Thursday, November 17, 2011

How will my life be measured.

Ralph Waldo Emerson defined success with these words:
"To laugh often and much; to win the respect of intelligent people and the affection of children; to earn the appreciation of honest critics and endure the betrayal of false friends; to appreciate beauty, to find the best in others; to leave the world a bit better; whether by a healthy child, a garden patch or a redeemed social condition; to know even one life has breathed easier because you lived. This is to have succeeded."

I read "How Will You Measure Your Life?" by Clayton M. Christensen on HBR. All I can think of now, it not how my life would be measured, and WHAT would be there to measure.
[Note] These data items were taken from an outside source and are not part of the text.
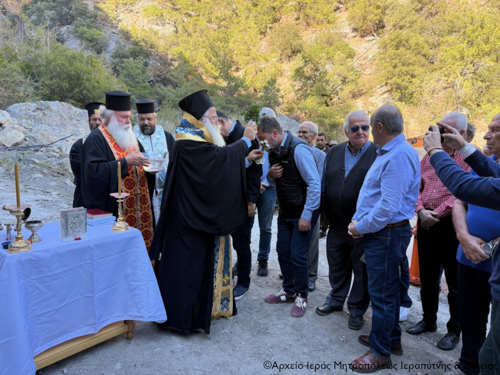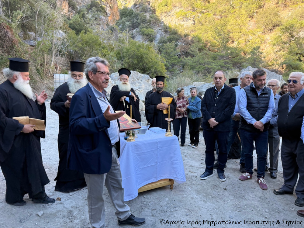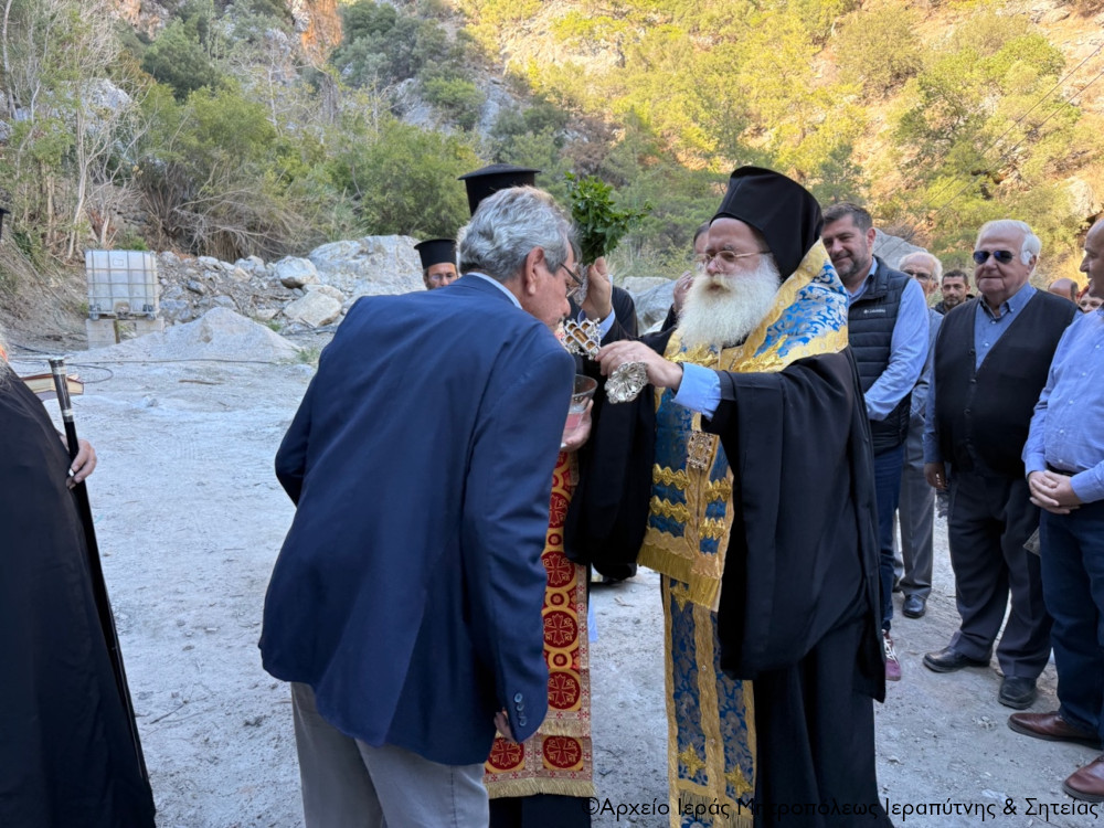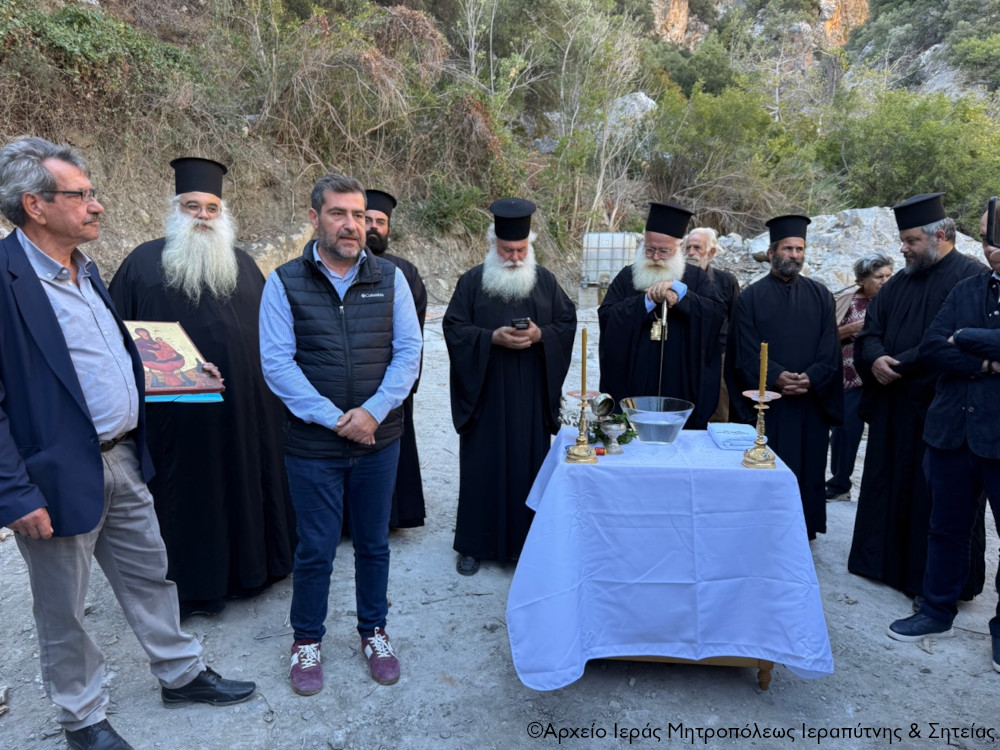 Μετά την ευλόγηση των εγκαταστάσεων του νέου και εμβληματικού έργου για την μεγαλύτερη αγροτική περιοχή της χώρας μας στην καλλιέργεια των πρώιμων κηπευτικών, ο Σεβ. συνεχάρη ολόψυχα τους συντελεστές του: τον Πρόεδρο του ΤΟΕΒ κ. Γεώργιο Καραλάκη και τους συνεργάτες του, τον παριστάμενο Α´ Αντιπρόεδρο της Βουλής και Βουλευτή Λασιθίου κ. Ιωάννη Πλακιωτάκη για την εξασφάλιση της χρηματοδότησης, τον Δήμαρχο Ιεράπετρας κ. Εμμανουήλ Φραγκούλη και της υπηρεσίες του Δήμου, τον Αντιπεριφερειάρχη Λασιθίου κ. Ιωάννη Ανδρουλάκη και τις υπηρεσίες της Περιφέρειας Κρήτης και ιδιαιτέρως τον Εφημέριο Ανατολής και Μηχανολόγο Μηχανικό π. Ματθαίο Πατεράκη, που είχε την τεχνική επίβλεψη όλου του έργου. Σημείωσε δε ότι η άψογη συνεργασία και συνέργεια όλων των Φορέων είχε το αίσιο αυτό αποτέλεσμα και την ιδιαίτερη ευλογία του Θεού, ώστε να εμπλουτίζεται το φράγμα της Ιεράπετρας με επιπλέον εξακόσια περίπου κυβικά καθαρό νερό την ώρα και δώρισε μία εικόνα της Ζωοδόχου Πηγής στον κ. Καραλάκη για να προστατεύει και να σκεπάζει πάντοτε η Παναγία αυτό το μεγάλο έργο.
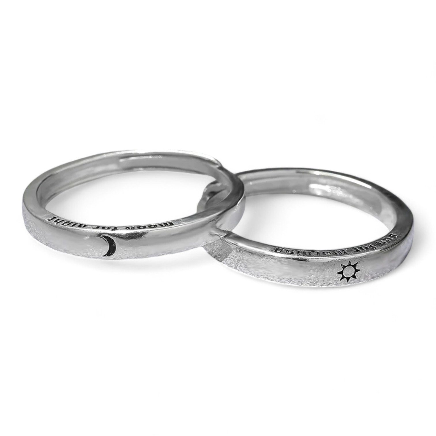 Ihr erhaltet 2 Ringe. Einen Ring mit Mond und ein Ring mit einer Sonnen Gravur.
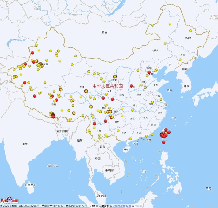 2025年以来(截至4月30日)全国三级地震活动分布图(四级以上红色标注)
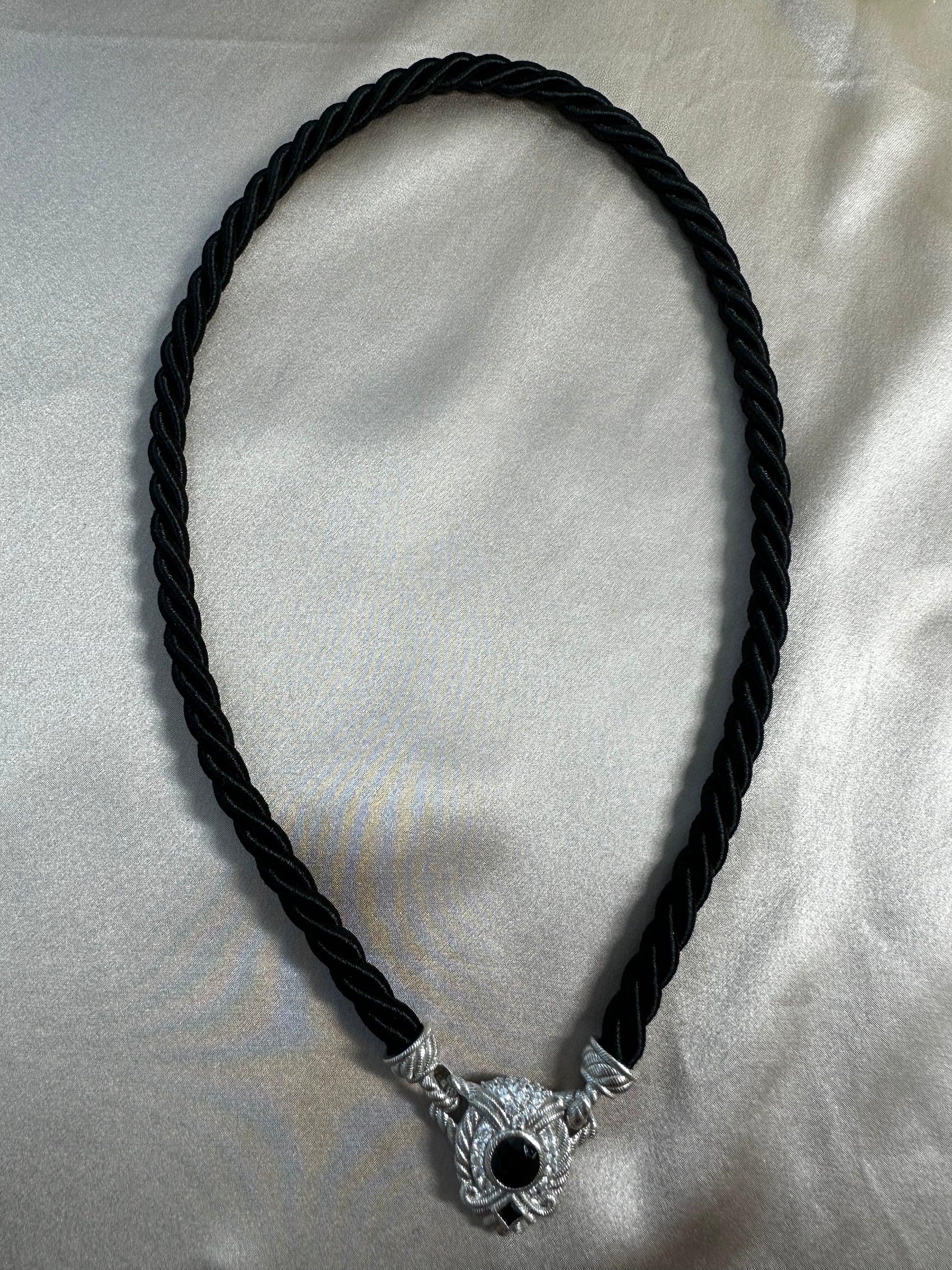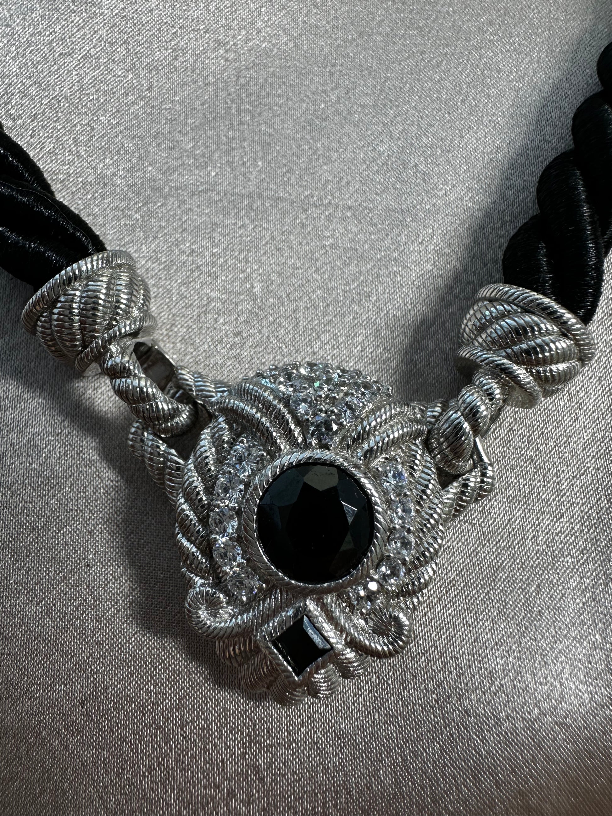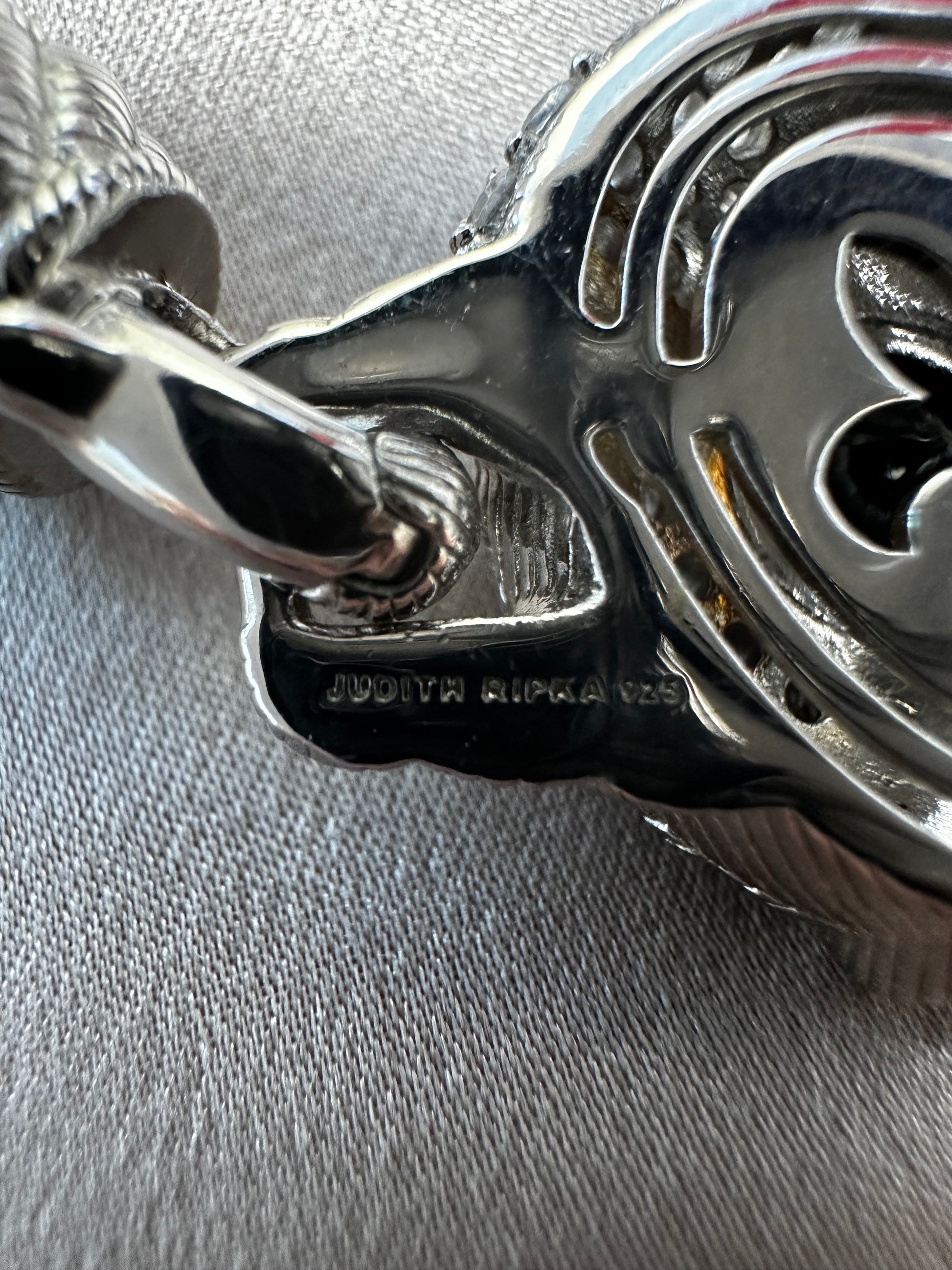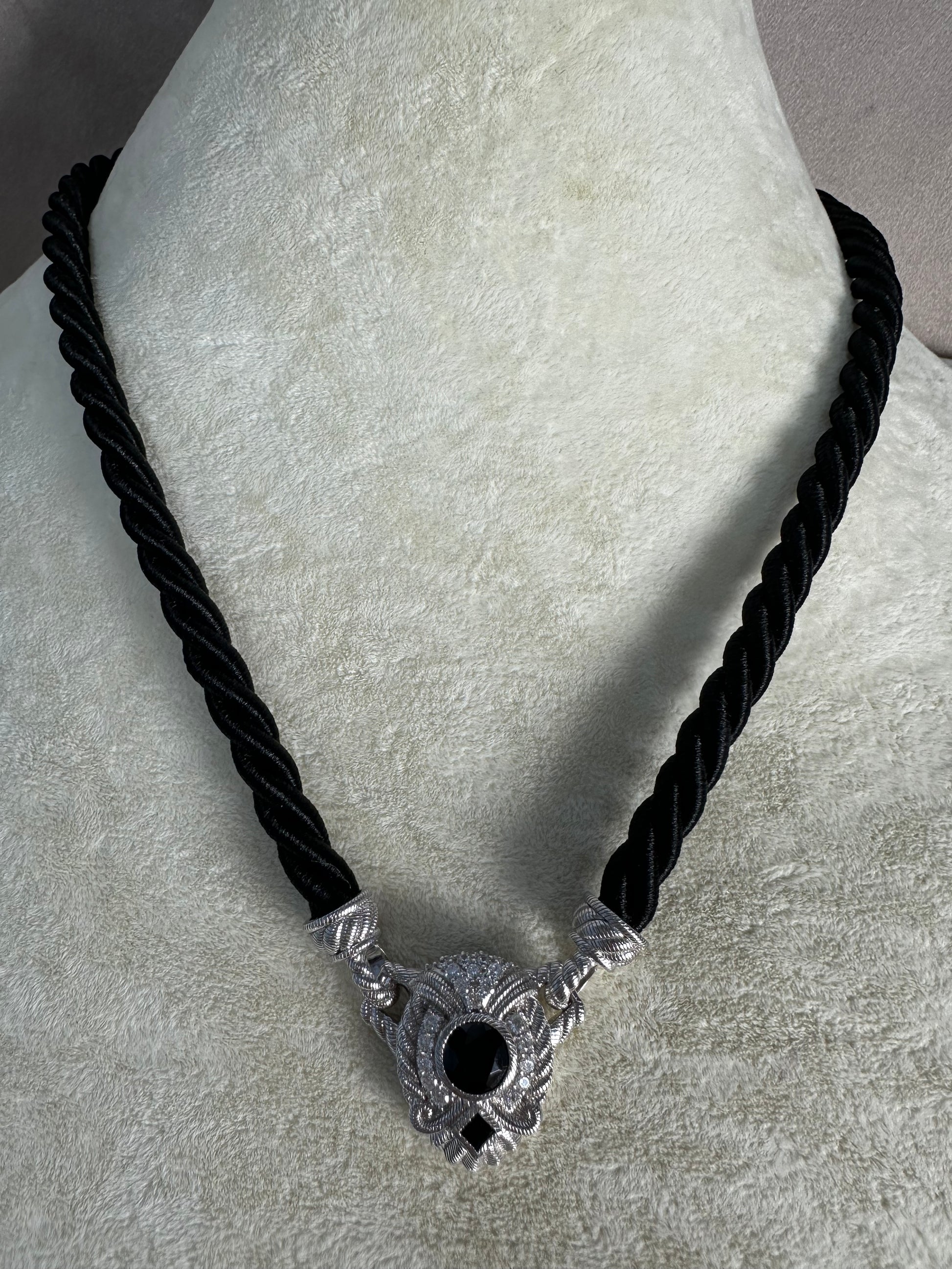 This JUDITH RIPKA necklace is expertly crafted with 925 sterling silver and features a stunning cubic zirconia and onyx pendant. The 20" black cord adds a touch of elegance to this timeless piece. Elevate your style with this beautiful necklace that is both versatile and sophisticated.
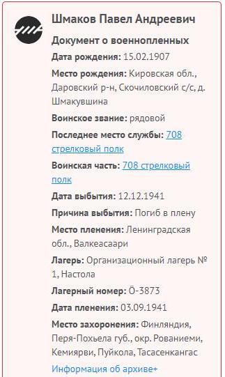 | Погиб | 12.12.1941 | Финляндия. Пера-Похьела губ., окр.Рованиеми, Кемиярви, Пуйкола, Тасасенкангас | Погиб в плену. |
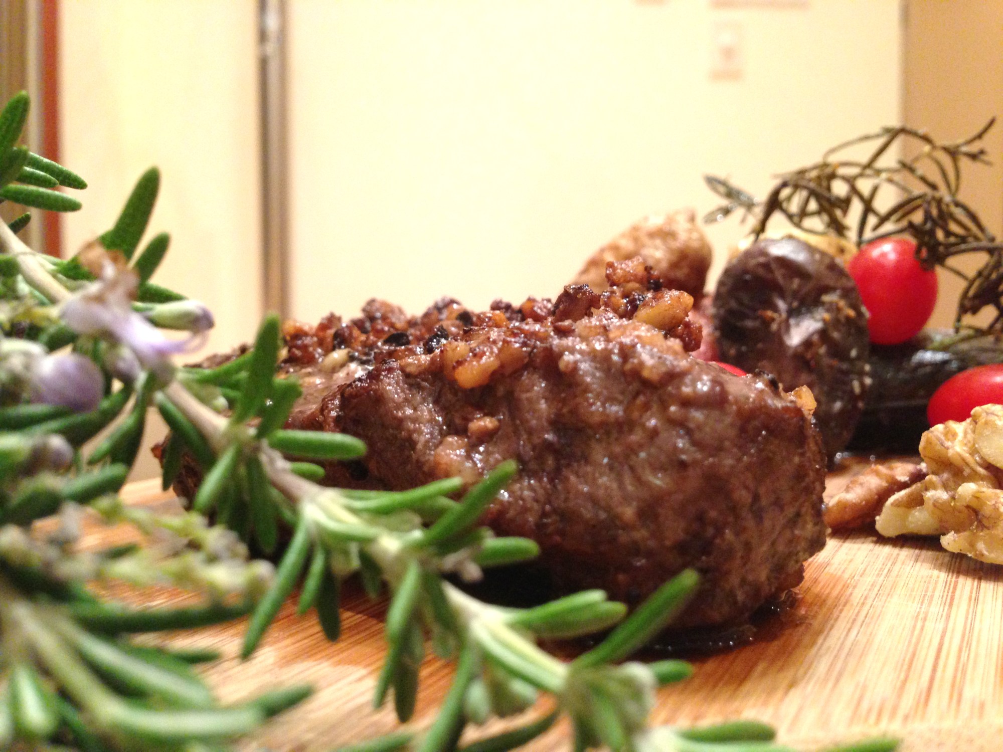 - Lay crushed walnuts on plate. Place filet on plate and press down until one side is completely covered with walnuts.

He said, management has the power to influence the talent in their companies. The companies spend lots of resources training and grooming their people but it is all one-sided. It's all about the career. What about life itself?
"In my mind’s eye I saw one of my managers leave for work one morning with a relatively strong level of self-esteem. Then I pictured her driving home to her family 10 hours later, feeling unappreciated, frustrated, underutilized, and demeaned. I imagined how profoundly her lowered self-esteem affected the way she interacted with her children. The vision in my mind then fast-forwarded to another day, when she drove home with greater self-esteem—feeling that she had learned a lot, been recognized for achieving valuable things, and played a significant role in the success of some important initiatives. I then imagined how positively that affected her as a spouse and a parent. My conclusion: Management is the most noble of professions if it’s practiced well. No other occupation offers as many ways to help others learn and grow, take responsibility and be recognized for achievement, and contribute to the success of a team."
I am ashamed to admit that I haven't contributed as much to the community, my family or friends as much as I would love to. I remember that when I was a teen, I wanted to become a doctor so I join Doctors Without Borders and provide free healthcare to the poor. Of course that went out the window since I didn't become a doctor in the end.

I want to help the less fortunate, children and the elderly. I want to make the world greener. I want to spend time with my family and friends. But I am not doing this.

Our time is limited. What is the point of working 15 hour days and neglecting my family and friends? I've lost my dear aunt and grandma, and I have a wonderful relationship from both of them because we were close. I can't bear the thought of losing anyone else without knowing them better, without them knowing I love them.

I go home to J, who watches me turn on my laptop every evening. I go home feeling tired, unappreciated, frustrated and perplexed at why things are run a certain way which seems so inefficient. My friends from work are doing the exact same thing. How long can we go on like this?

How will my life be measured? Am I the busy working wife, daughter, friend who neglects everyone who is important in her life? Are paychecks, reports and Excel spreadsheets all that could be measured since there is nothing else in my life?

I shudder at the thought of this. I don't think I grew up aspiring to achieve just this.